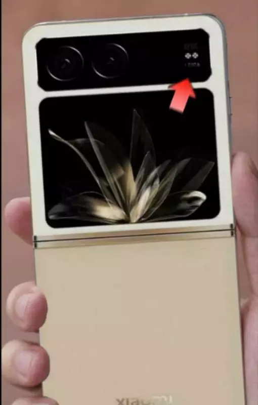 De smartphone Xiaomi MIX Flip heeft een interessant ontwerp gekregen. Zoals je op de onderstaande foto kunt zien, zijn aan de achterkant van het toestel horizontaal twee camera's geplaatst, met daarnaast twee LED-flitsers. Onder de camera bevindt zich een apart gedeelte voor het tweede scherm van het toestel. Onder de dubbele LED-flitseropstelling is het Leica-logo te zien.
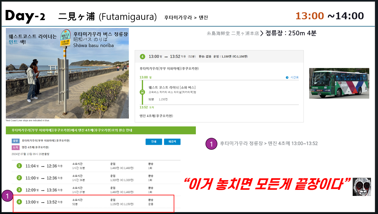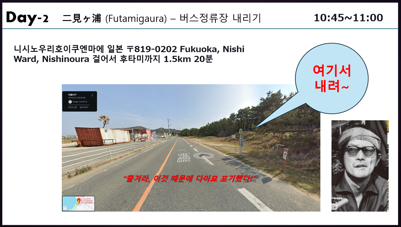 계획: 텐진으로 돌아오는 버스 시간을 보니 후타미가우라에서 바로 내리는 것보다는 좀 일찍 내려서 바닷가 풍경 보면서 걸어가는 게 어떨까 싶어 니시노우리 호이쿠엔마에라는 곳에서 내리기로 한다. 대략 Palm Beach 전 정류장에서 내리면 되어 보인다...
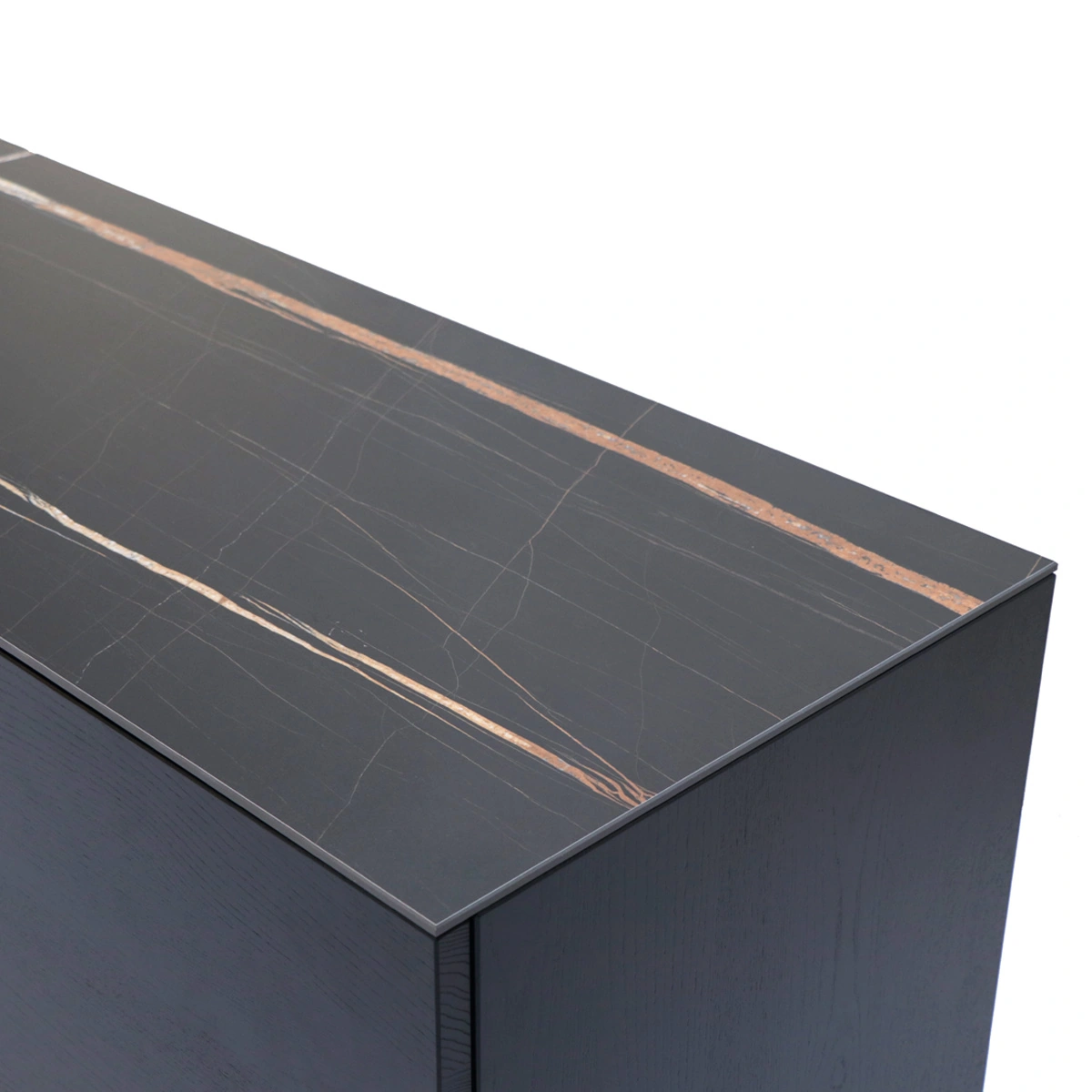 Benefits of this sideboard lie in its versatility and functionality. It offers a stylish solution for storage needs while adding a modern touch to your home. The dark ash finish and ceramic top blend well with various interior styles, making it a great addition to any home.
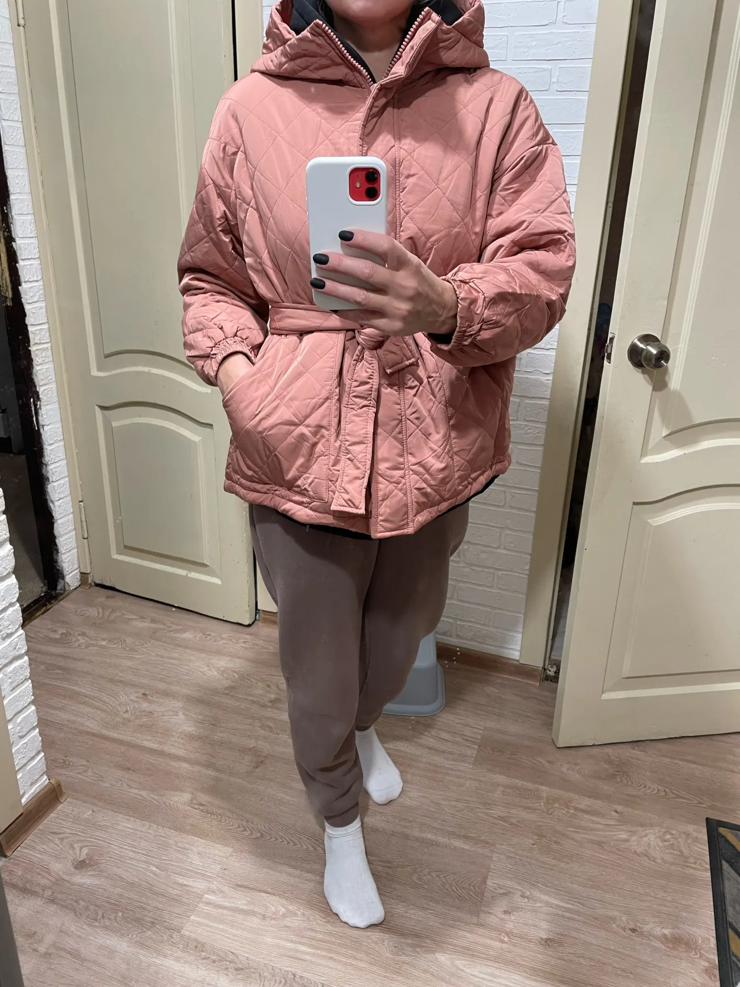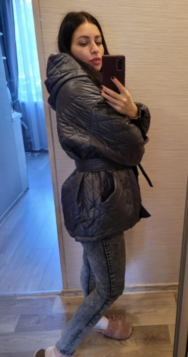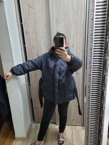 CP-Parkas holgadas informales con capucha de Arygle para mujer, abrigos cortos de color sólido grueso a la moda para mujer, chaquetas de algodón con cinturón de corbata elegantes para mujer
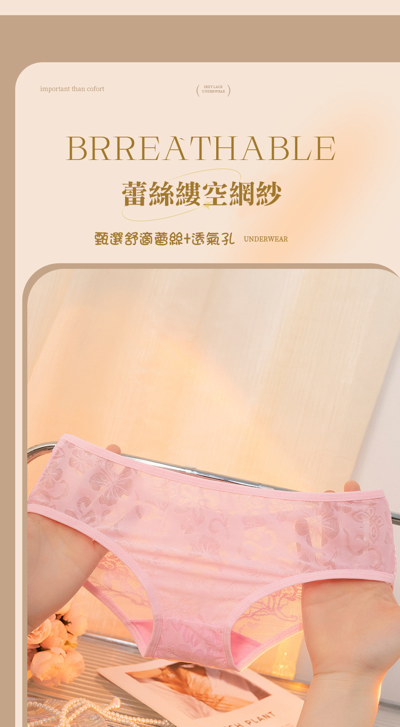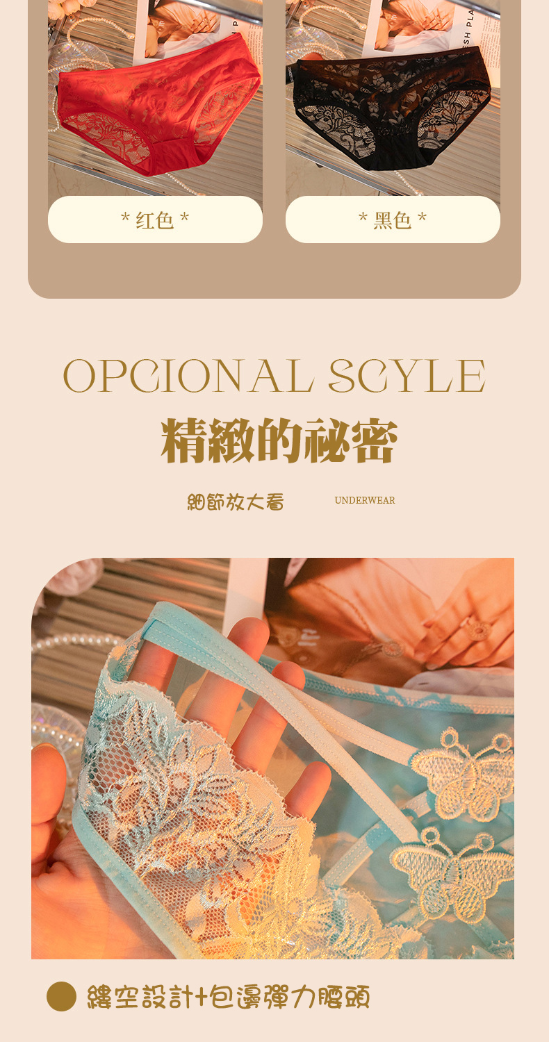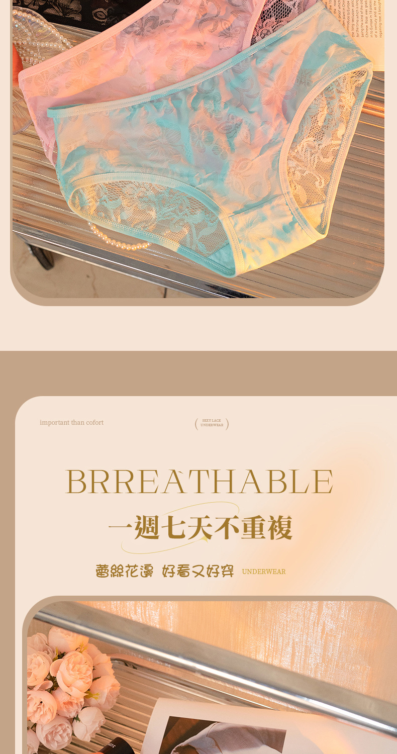 新款性感屁股蛋 半透蕾絲8色性感內褲 每天都讓妳穿不一樣的內褲, 嬌小體型到最大65kg都可以穿著 純棉底檔 透氣呼吸 呵護您的私密處! 8種顏色可挑選、舒適又不失性感 型號:8216 材質:80%棉綸+20%安綸 底檔:100%純棉 尺寸:M碼(38~50KG) 特色:提花、透氣、性感

= = = = =

→ To do: For this exercise, transcribe the entries verbatim and skip all pictures.

→ Completed exercise:
 De smartphone Xiaomi MIX Flip heeft een interessant ontwerp gekregen. Zoals je op de onderstaande foto kunt zien, zijn aan de achterkant van het toestel horizontaal twee camera's geplaatst, met daarnaast twee LED-flitsers. Onder de camera bevindt zich een apart gedeelte voor het tweede scherm van het toestel. Onder de dubbele LED-flitseropstelling is het Leica-logo te zien.
 계획: 텐진으로 돌아오는 버스 시간을 보니 후타미가우라에서 바로 내리는 것보다는 좀 일찍 내려서 바닷가 풍경 보면서 걸어가는 게 어떨까 싶어 니시노우리 호이쿠엔마에라는 곳에서 내리기로 한다. 대략 Palm Beach 전 정류장에서 내리면 되어 보인다...
 Benefits of this sideboard lie in its versatility and functionality. It offers a stylish solution for storage needs while adding a modern touch to your home. The dark ash finish and ceramic top blend well with various interior styles, making it a great addition to any home.
 CP-Parkas holgadas informales con capucha de Arygle para mujer, abrigos cortos de color sólido grueso a la moda para mujer, chaquetas de algodón con cinturón de corbata elegantes para mujer
 新款性感屁股蛋 半透蕾絲8色性感內褲 每天都讓妳穿不一樣的內褲, 嬌小體型到最大65kg都可以穿著 純棉底檔 透氣呼吸 呵護您的私密處! 8種顏色可挑選、舒適又不失性感 型號:8216 材質:80%棉綸+20%安綸 底檔:100%純棉 尺寸:M碼(38~50KG) 特色:提花、透氣、性感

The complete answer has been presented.